He took his successes very indifferently; but his wife showed a loving pride in them, too simple and too well controlled to excite envy, gently checking his mother's more outspoken exultation, and backing him up in his refusal of all solicitations to move into Boston, well knowing his constitution could never stand a town life. Money was now less of an object to him than ever. Lucy's grandfather had died in peace and honour, leaving a much larger estate than any one had dreamed possible. The lane had been extended into a road, and the cow pasture had been cut up into building lots. All the Morton property had risen in value, and all was one day to be Lucy's; and on the very prettiest spot in it she now lived, in a charming house designed (with her assistance) by her brother-in-law, that rising young architect, Cockburn Wilson, so strikingly original, and so delightfully convenient,that photographs and plans of it were circulated in every direction, bringing the architect more orders than he wanted or needed; for though with not much more to boast of in the way of looks than his brother, he had made another amazing stroke of Wilson luck in marrying that great heiress, Miss Jenny Diman. She was a heavy, shy young person, who had been educated in foreign convents, and had missed her proper duty of marrying a foreign nobleman by being called suddenly home to settle her estate. She had taken a fancy to the clever, amusing Mrs. Wilson, had visited her, and found the littlepartie carréeat her pretty house delightful, she hardly knew why; but it was evident that her hostess's married life was most successful, and Lucy told her that dear Cockburn had in him the making of as devoted a husband as dear Henry.
Dear Cockburn for some time showed no eagerness to exercise his latent powers; but his delicacy in addressing so great an heiress once overcome, swelled into heroic proportions, and made the love affairs of two extremely plain and quiet people into a wildly romantic drama. They seemed surprised, but well content, when they found themselves settled in their pretty home, still prettier than Dr. Wilson's, because it showed yet newer ideas; and Mrs. Cockburn Wilson, who had never knownsociety, developed a taste for it, which her sister-in-law well knew how to direct.

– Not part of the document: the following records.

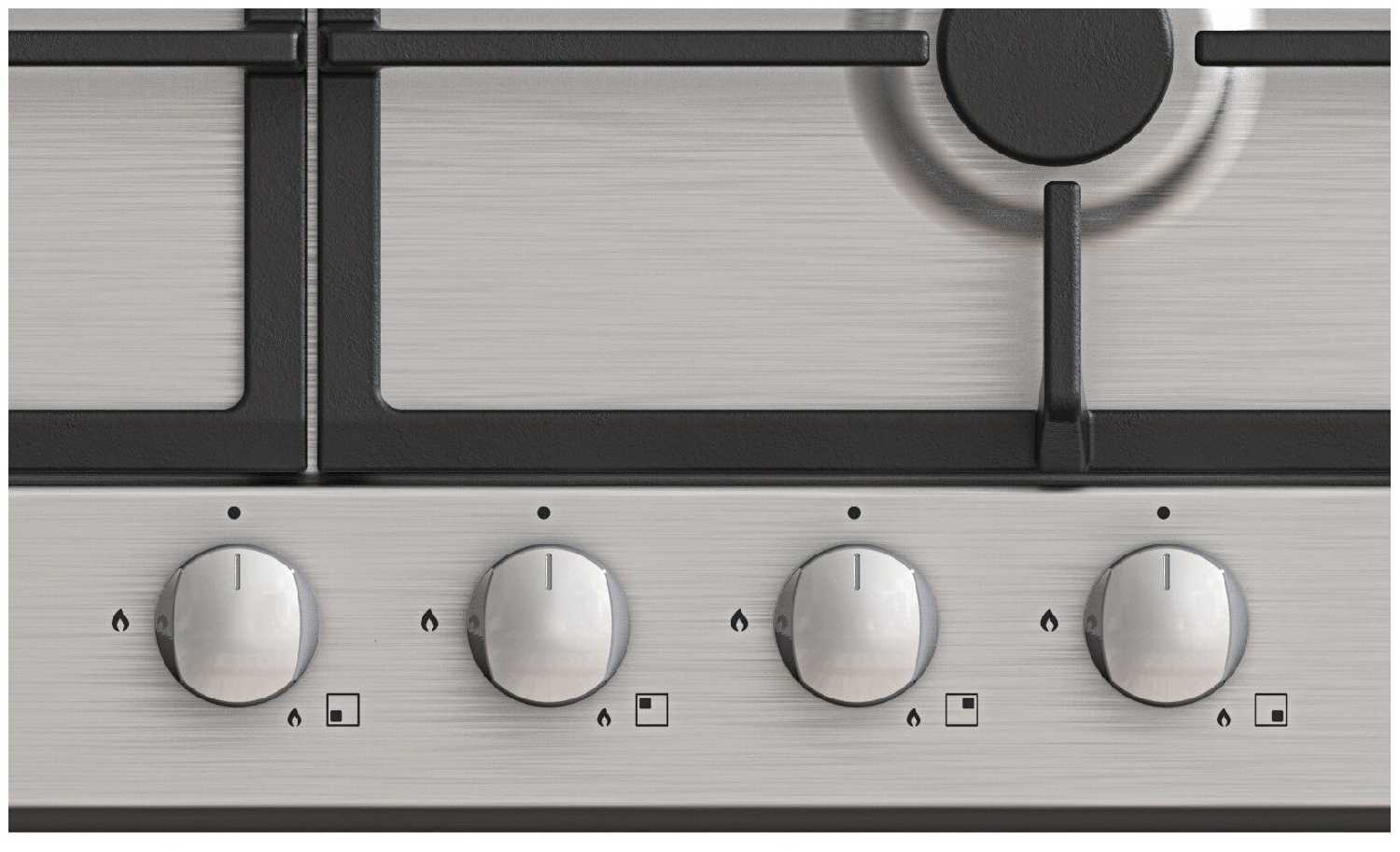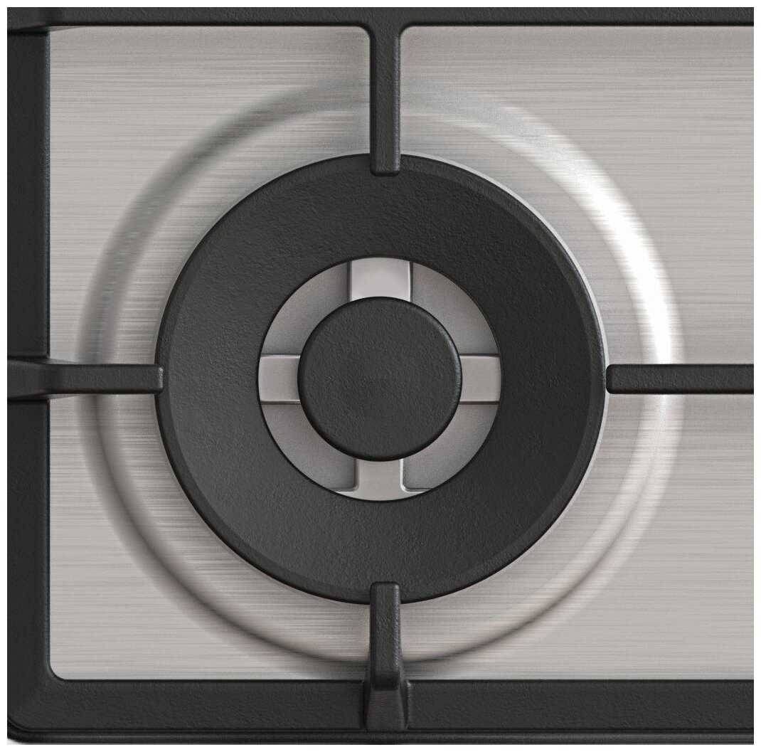 - + лаконичный дизайн, решетки можно мыть в посудомойке, двухрядная конфорка, расстояние между конфорками
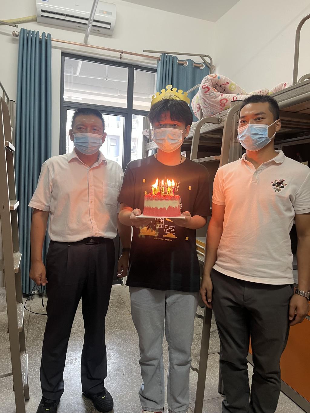 班主任白铮、徐振华为给学生制造惊喜,提前悄悄联系学生家长,一进宿舍,就用电脑播放由家长录制好的祝福视频。汽车工程学院党总支书记李先国为学生带来了生日礼物——襄阳牛肉面。汽车工程学院学工副院长魏赤文为新生点燃了生日蜡烛,大家共唱生日歌。
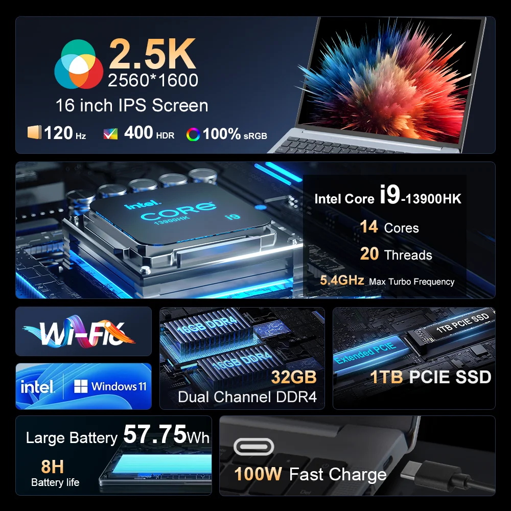 ↑Ninkear Gaming-Laptop N16 Pro 16-Zoll Intel Core i9-13900HK 14 Kerne 20 Threads Bis zu 5,4 GHz 32 GB Dual Channel DDR4+1 TB PCIE SSD 2,5 K Ultra HD IPS 120 Hz Aktualisierung 0,3 s Fingerabdruck-Entsperrung Hohe Leistung - TopDealBoxMehr aus dieser Kategorie
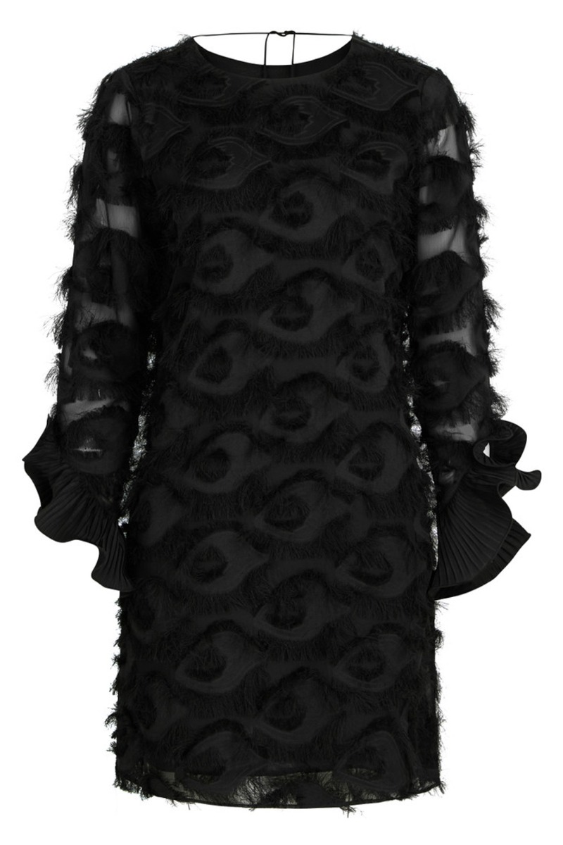 Waauw, en kjole fra Bruuns Bazaar. Kjolen er sort med det fineste fjer-lignende detaljer og print. Den er løs i modellen med en flot åben ryg der snøres i nakken med en tynd snøre. Ærmerne er designet med den flotteste flæsedetalje i enden og gør kjolen utrolig unik og smukt.

Lucy's active mind had just run down the stream of time to the present, and was boldly projecting itself forward into the future, and the throbbing pulses her one painful memory had raised were subsiding in the soothing task of planning the decorations for a dinner party for which Jenny's invitations were already out. She had just decided that it would make a good winter effect to fill all Jenny's lovely Benares brass bowls with red carnations, when her husband entered the room.

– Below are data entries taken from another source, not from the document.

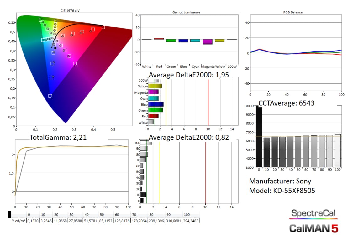 Alle metingen voeren we uit met SpectraCal CalMAN Ultimate, een SpectraCal C6 HDR2000 colorimeter en VideoForge Pro patroongenerator. Voor sdr-beelden (standard dynamic range) evalueren we de grijsschaal, die bepaalt of het hele bereik van licht tot donker dezelfde tint heeft en de juiste kleurtemperatuur. Een correcte kleurtemperatuur (6500 K) garandeert een correcte algemene kleurweergave. Lage waardes maken het beeld iets roder, hoge waardes iets blauwer. De EOTF-curve (gamma) bepaalt of het verloop van donker naar licht correct is, we mikken op een gamma-waarde van 2,2-2,4. Te hoge waardes maken het beeld donkerder, te lage maken het lichter. Kleurbereik, saturatieverloop van de kleuren en een algemene kleurtest bepalen hoe goed het scherm kleur weergeeft. We meten contrast op een patroon met gemiddelde helderheid van 18% (APL18).
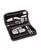This grooming shave kit contains all the essentials to remain well groomed on the go. Chrome instruments include a hexagon razor and blades, nail clippers, corkscrew knife combo, a toothbrush, nail file, comb, tweezers, scissors, pusher and shoehorn lint brush, organized in a zippered leather case.
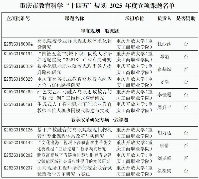 【供稿/社科处】近日,重庆市科学规划领导小组办公室公布2025年度重庆市教育科学规划立项名单,重庆工商职业学院获批10项成果,包括年度规划一般课题6项,教学改革研究专项一般课题4项。
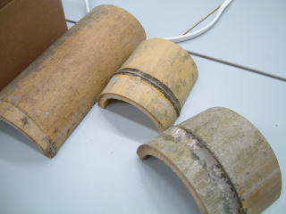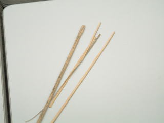 竹ひごフィラメント加工中、表面の硬い部分を使用する。 |
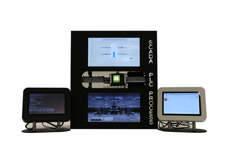 Center: industrial controller managing a physical process visible on the bottom screen and supervised by a SCADA system (top screen). Left console: launches attacks that impact the controller and the physical process. Right console: displays the threat level to the controller calculated in real time by AI.
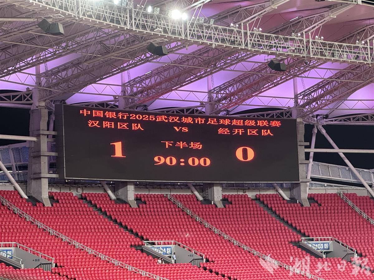 当晚,“汉超”第一阶段第四轮城区小组赛,汉阳对阵经开,吸引近万名球迷现场观赛。
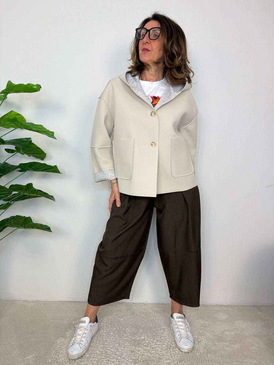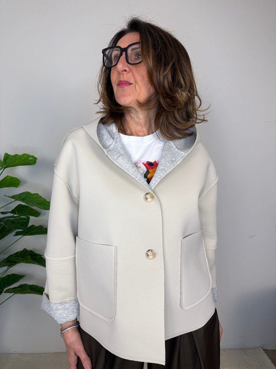 Neoprene with button fastening, hood, patch pockets on the front, slightly dropped armhole, fits from size 48 to a generous 50, cropped cut
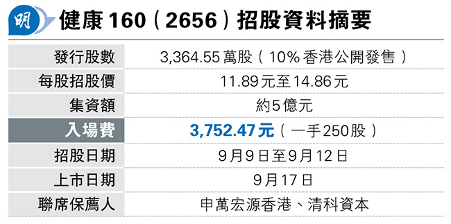 【明報專訊】中國醫藥健康用品批發商及數字醫療綜合服務提供商健康160(2656)昨日起至周五(12日)招股,計劃發行3364.55萬股,其中10%在本港公開發售,招股價介乎每股11.89至14.86元,集資約5億元。每手250股,一手入場費3752.47元,預期17日掛牌,聯席保薦人為申萬宏源香港及清科資本。健康160是次採用機制B發行,不設回撥。
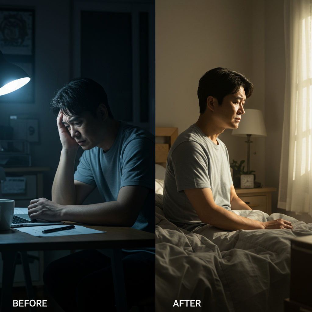 - 일상: 퇴근 후에도 업무 생각에 시달리고, 작은 일에도 쉽게 짜증을 내며, 수면 부족으로 늘 피곤함을 느꼈습니다.
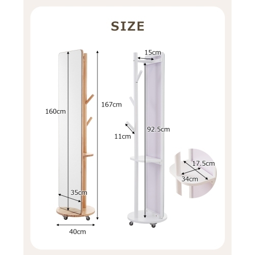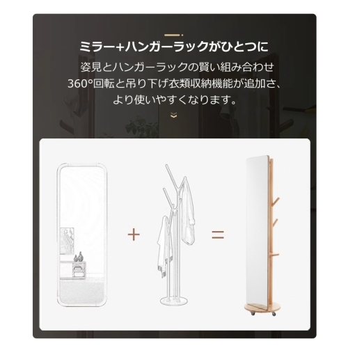 • 姿見とハンガーラックの賢い組み合わせ360°回転と衣類収納機能が追加され、より使いやすくなります。
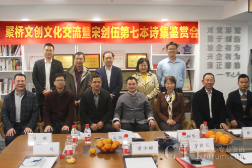 12月28日,聚橋文創(chuàng)文化交流暨宋劍伍第七本詩集鑒賞會在廣州天河召開,本次活動為首屆廣東中華優(yōu)秀傳統(tǒng)文化節(jié)系列活動之一,由廣東省傳統(tǒng)文化促進會、廣州聚橋文創(chuàng)、廣州市愛國為民文化信息傳播有限公司聯(lián)合主辦。廣東省文聯(lián)副秘書長、省文藝評論家協(xié)會專職副主席梁少鋒,廣東省傳統(tǒng)文化促進會會長李世玉,深圳城投集團執(zhí)行總裁安菲佳,廣東省傳統(tǒng)文化促進會林啟明、吳彬、一凡、徐波博士,聚橋文創(chuàng)總經(jīng)理、廣東省傳統(tǒng)文化促進會常務理事鄒橋華,青麥源集團董事長王錫光,商業(yè)戰(zhàn)略分析師、詩人宋劍伍,廣東金咨貓總經(jīng)理陳錫文等參加本次活動。正皓集團董事長潘堅發(fā)來活動祝賀信,并表示集團將在2024年和廣東省傳統(tǒng)文化促進會及詩人宋劍伍在品牌文化上有更深度的合作。

The crest of sandy locks, which had won Dr. Wilson his boyish title, had thinned and faded now. It was difficult to say of what colour it had been; and his face was of no colour at all. He had no salient points, and won attention chiefly by always looking very tired. This evening he looked doubly so. "Dear Henry, I am so glad!" cried his wife, springing up to give him an affectionate embrace. "You will have something to eat?" and, as he nodded silently, she rang the bell twice, the only signal needed at any hour to produce an appetising little meal at once; and she herself waited on him while he ate.
"How is the little boy?" she asked timidly.
"Very low."
"Are you going back?"
"Directly. I am going to operate as soon as Stevens gets there. I have telephoned for him."
"Is there any hope?"
"Can't say."
"Can I do anything?"
"You might come and take the other children home with you—all but the baby."
"I can just as well have her too."
"I would rather have her there; her mother needs her."
"Yes, I suppose you don't want Mabel in the room while the operation is going on."
"I don't want her there at all. She's of no use."
"Poor thing!"
"She can't help it."
"Could I do anything there? If I can, Jenny will take the children, I know."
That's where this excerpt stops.